Lady in Cement is a 1968 detective film, directed by Gordon Douglas and starring Frank Sinatra, Raquel Welch, Dan Blocker, Martin Gabel and Richard Conte.

A sequel to the 1967 film Tony Rome, and based on the novel by Marvin H. Albert, Lady In Cement was released on November 20, 1968.

Plot[edit]

While diving off the Miami coast seeking one of the eleven fabled Spanish Galleons sunk in 1591, private investigator Tony Rome (Frank Sinatra) discovers a dead blonde, her feet encased in cement, at the bottom of the ocean.

Rome reports this to Lieutenant Dave Santini (Richard Conte) and thinks little more of the incident, until Waldo Gronski (Dan Blocker) hires him to find a missing woman, Sandra Lomax.

Gronski has little in the way of affluence, so he allows Rome to pawn his watch to retain his services.

After investigating the local hot-spots and picking up on a few names, Rome soon comes across Kit Forrester, whose party Sandra Lomax was supposed to have attended.

Rome’s talking to Forrester raises the ire of racketeer Al Mungar, a supposedly reformed gangster who looks after Kit’s interests.

Thinking there may be a connection between Lomax, Forrester and Mungar, Rone starts probing into their backgrounds and begins a romantic relationship with Kit.

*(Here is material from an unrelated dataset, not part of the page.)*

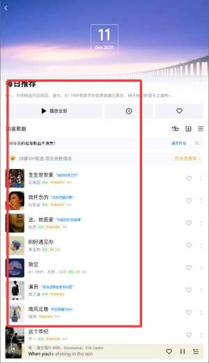 3、在每日推荐列表中,选择您感兴趣的单曲或歌单,点击其封面或标题进入。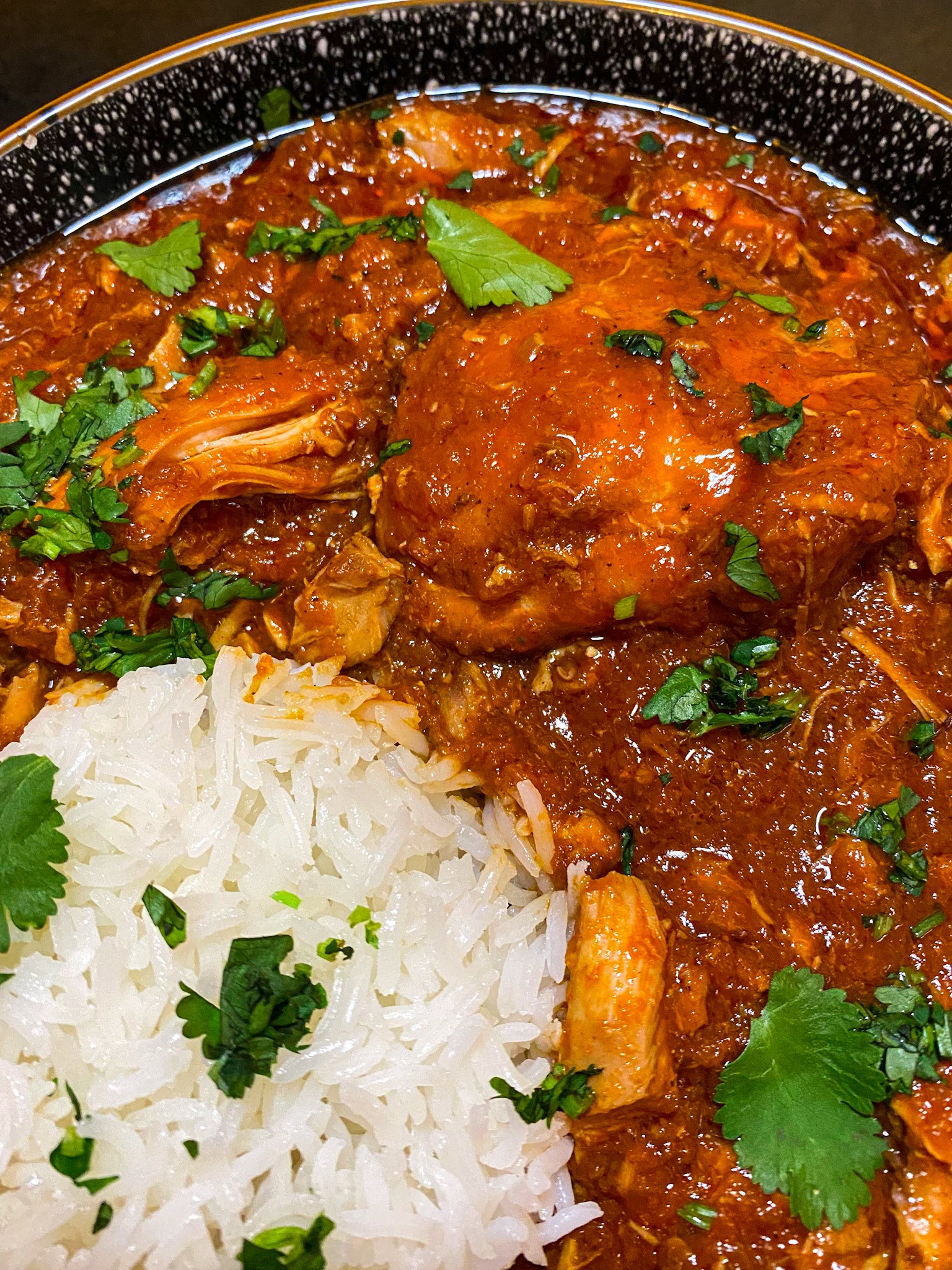 Add the fried chicken along with the rest of the stock and simmer uncovered for 30/40 minutes, stirring occasionally until it reduces to a stew like consistency.

With both cops and crooks chasing him and the omnipresent Gronski breathing down his neck, Rome finds himself deep in a case which provides few answers.

Cast[edit]

Critical reception[edit]

Opening to mixed reviews, Lady in Cement is generally considered to be a middling sequel to Tony Rome. Critic Roger Ebert gave faint praise in a generally scathing review by commenting: “In the movie's few good scenes, Sinatra once again painfully reminds us what a controlled, effective actor he is.” Variety noted that “Dan Blocker is excellent as a sympathetic heavy,” whilst John Maloney liked the “fresher script” and “sharp direction.”

Trivia[edit]

In Lady in Cement, director Gordon Douglas, and star Frank Sinatra dropped a few inside references, including an instrumental of the Sinatra song "You Make Me Feel So Young" during one scene. A clip of the TV series Bonanza was used in one scene, on which co-star Dan Blocker played Hoss Cartwright. There is also a reference to Sinatra's ex-wife Ava Gardner during a scene in which Rome comments on knowing a girl who used to date bullfighters. .[citation needed] Rome rides in a taxi which bears an advertisement for Dean Martin's Restaurant & Lounge on its rear fender.

DVD release[edit]

Lady on Cement was released on DVD on May 24, 2005 as part of a boxed set along with Tony Rome and The Detective, both also directed by Douglas. No bonus features were included.

References[edit]

  1. ^ Solomon, Aubrey. Twentieth Century Fox: A Corporate and Financial History (The Scarecrow Filmmakers Series). Lanham, Maryland: Scarecrow Press, 1989. ISBN 978-0-8108-4244-1. p255

External links[edit]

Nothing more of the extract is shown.